One data point in this trend was the decision by the California Public Utilities Commission (CPUC) in January 2018 to deny Pacific Gas & Electric (PG&E) the opportunity to use power from three existing gas-fired units to meet customer demand and system voltage requirements. Those three Northern California plants, totaling about 700 MW of generation capacity, are operated by Calpine Corporation.
Another data point is a 564 MW, out-of-market gas-fired power plant in San Jose. Also owned by Calpine, it had been awarded a “reliability must run” designation by the California Independent System Operator (ISO).
However, the CPUC challenged that action, arguing that energy storage projects could be more economic than classifying the Metcalf Energy Center as a must-run power plant. Separately, another merchant plant owner, NRG Energy Incorporated, asked the CPUC for a delay in considering its application to build a 262 MW Puente Power Plant for Southern California Edison (SCE).
In yet another development, in April 2018, the Glendale, California, City Council placed a hold on plans to repower the 80-year-old Grayson Power Plant, a 500 MW gas-fired generator. Instead, the city council instructed the local utility, Glendale Water & Power, to more fully investigate cleaner, non-emitting electric options.
Finally, on one of its last legislative days in the 2018 session, California lawmakers adopted a plan to require all retail electricity to be carbon free by 2045.
Even before the state legislature acted, the trend against gas-fired generation was becoming apparent in regional projections for fuel types in new-build generation in various regions.
States on the west coast plan to build only about 5,557 MW of gas-fired generation over the next five years, down 72% from their plans only one year ago when natural gas was scheduled to account for about 49% of new generation built between 2018 and 2022. Given California’s 100% carbon free mandate, the region’s number of new-build gas plants may drop further.
Other states in the West, including Oregon and Washington, have upped their renewable portfolio standard (RPS) in recent years or adopted mandates to lower carbon emissions.
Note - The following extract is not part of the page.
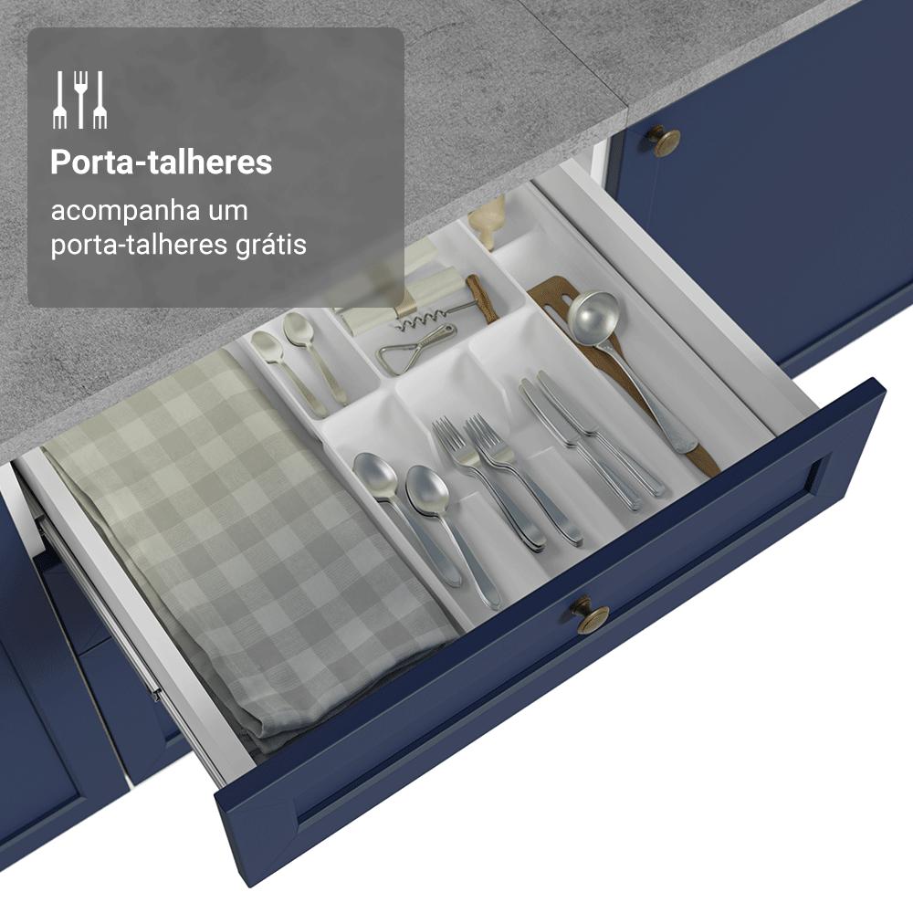 O Balcão de Cozinha com 3 Gavetas da Linha Vik da Madesa é a escolha ideal para quem deseja mais organização na sua cozinha. Com três gavetas amplas, sendo a última mais profunda – ideal para guardar panelas ou itens maiores. Todas as gavetas contam com corrediças telescópicas, que oferecem abertura total e muito mais facilidade no dia a dia.O acabamento de alta resistência da estrutura é em Branco e das gavetas em Azul. Possui uma textura suave ao toque, trazendo leveza e sofisticação ao ambiente. O destaque fica por conta dos puxadores ponto em ouro envelhecido, feitos com metal resistente, trazem personalidade e um charme único. Outro diferencial está no detalhe chanfrado das frentes, que forma molduras elegantes e dá profundidade ao design, refletindo o estilo americano com um toque moderno.Além de trazer elegância, a linha Vik é funcional em cada detalhe. As portas possuem dobradiças com amortecimento, garantindo um fechamento suave e silencioso. Cada detalhe foi pensado para tornar sua casa mais elegante e funcional.Medidas totais:- 84 cm de altura- 60 cm de largura- 52 cm de profundidadeItens inclusos:- Um (1) Balcão com três (3) gavetas (Acompanha o tampo)Código do produto: G24601L8VKObs.:- Imagens meramente ilustrativas, a decoração não acompanha o produto- A Madesa não disponibiliza serviço de montagem- O produto segue com manual de instalação e todas as ferragens necessárias para sua montagemA Madesa se dedica à sustentabilidade com várias iniciativas: temos uma usina própria que gera energia para uma das fábricas. Priorizamos fornecedores responsáveis com o meio ambiente. Todo o plástico utilizado na produção é reciclado, e as sobras também são reaproveitadas. Investimos no desenvolvimento de nossos colaboradores e em ações que beneficiem a comunidade.
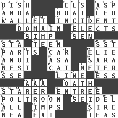 ACROSS 1. Food container 5. Raised railways 8. Cleo's killer 11. Small Philippine buffalo 12. Water vessel 13. Lion 14. Place for singles 17. Event 19. Kingdom 21. Opts 22. Simple or foolish person 23. Elected rep. 24. R.R. building 27. Adolescent 29. Fast jet (abbr.) 32. Actors' quests 34. Auto 36. Writer Wiesel 37. Mine, in Marseilles 38. White ___ sheet 39. "Two Mules for Sister ____" 40. Egg locale 41. Feline 42. Distance measurement 43. Compass dir. 44. Welles in "The Third Man" 46. Double-curved letter 47. Auto club (abbr.) 50. Pledge 52. A viewer who gazes fixedly 55. Main course 57. Characterized by complete cowardliness 59. A glass for beer 62. 100% 63. Naughty children 64. The founder of a family 65. Teachers' org. 66. Consume 67. Afternoon social gatherings DOWN 1. Simpleton 2. _ tizzy (2 wds.) 3. Exchanged or delivered for money 4. Auras 5. Age 6. Shoestrings 7. Vertical member of a panel or frame 8. Actor Baldwin 9. Transmitted 10. Plant holders 12. Storage container 15. Sends forth 16. Not wild 18. Lair 20. Medicinal drug used to evoke vomiting 24. Connects, as a bridge 25. Softens 26. Came up 28. Rhinal 29. Chalkboard 30. Begets 31. Lacerates 33. Teat (slang) 35. Food allowance for one day 36. Compass dir. 42. Distance measurement (Brit.) 45. Floor coverings 47. Nonscientific branch of learning 48. Nest on high 49. Scent 51. Robbery 52. Connect, as a bridge 53. Lacquered or enameled metalware 54. Silent film actress Nazimova 55. Followers of ems 56. Singer Brickell 58. Choose 60. Period 61. French article

These are critical factors that may cause regulators, utilities, and developers to rethink gas power in those states.
But there is a different picture in other parts of the country. Several regions, including the Great Lakes, the Northeast, the Mid-Atlantic, and the Southwest, plan to dramatically increase their fleet of gas-fired generators over the next five years.
Renewable generation is expected to account for about 57.4% of all new-build power projects over the next five years. On a percentage basis, the areas that have turned most sharply to sun and wind are the Midwest, Rocky Mountains, West Coast and New England regions.
In terms of raw numbers, the Rocky Mountains, with plans to build 24,339 MW of renewables over the next five years, edges out the Midwest (22,568 MW), the Southwest (17,751 MW) and the West Coast (15,571 MW) as the region most enthusiastically going for renewable energy.
Within the renewables segment, measured by “fuel,” there is far more installed wind generation than solar generation in the U.S. Near-term plans to build more wind turbines continue to outnumber plans to build solar generation (Figure 3).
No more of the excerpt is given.